You know what’s gone missing? The crowd-pleaser, that’s what. We live in an era of great, serious TV – the lineup for this weekend is outstanding – yet there’s a glumness about much of it. Comedy becomes activist theatre, drama becomes gloomily intense. Well, there’s relief at last.
The Flight Attendant (HBO Canada, streaming on Crave) returns for season two, and not a moment too soon. The first season came in late 2020 and was greeted ecstatically as an incredibly light, enjoyable miniseries made with great panache, and with Kaley Cuoco from The Big Bang Theory allowed to soar. As Cassie, a flight attendant and self-admitted good-time gal who drinks and parties heavily, Cuoco was a joy to watch. There was intrigue, murder and fun, and it all worked.
The second season shifts things, but never loses sight of the vital fun factor; Cuoco continues to be tremendously good as a physical presence. Cassie’s sober now, living in Los Angeles, and even the AA meetings, where we meet her, have droll comedy. She is proud to say, “I’m two days away from being a year sober. Life feels pretty great.” That’s shot down. Her gravelly voiced AA sponsor Brenda (Shohreh Aghdashloo) sighs and says, “I thought I was acing recovery, until I burned my house down.”
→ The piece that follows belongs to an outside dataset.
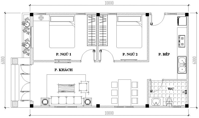 Bản vẽ mặt bằng công năng 4x8m 1 tầng 2 phòng ngủ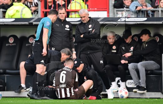 v.l. Mannschaftsarzt Dr. Volker Carrero, Verletzung James Sands (St. Pauli)

A reason for Cassie’s happiness is a part-time gig she’s acquired that fits in with her flight-attendant job. She’s a “civilian asset” for the CIA, asked to keep an eye on people or events in far-flung cities she visits. In Berlin, she gets a little too close to her target, and a bomb explodes. That’s just the start. What’s enormously impressive is, again, the sheer pizzazz and visual flair. There’s something slightly ridiculous about Cassie attempting to follow her target dressed to the nines in red, but the humour in it is delicious. Few can scurry about, using her body and facial expressions, with Cuoco’s comic verve.
There’s more than screwball vivacity, though. Cassie sees a woman who looks exactly like her, and then another one. Clones, or dastardly plan to foil her spying? No. These are versions of who Cassie might be, and Cuoco’s skill in engaging with multiple versions is deeply impressive. Then there’s the merciless humour of Cassie’s best friend Ani (Zosia Mamet) and, by the way, Sharon Stone turns up as Cassie’s mom. A delight to watch, two episodes now, with more coming weekly.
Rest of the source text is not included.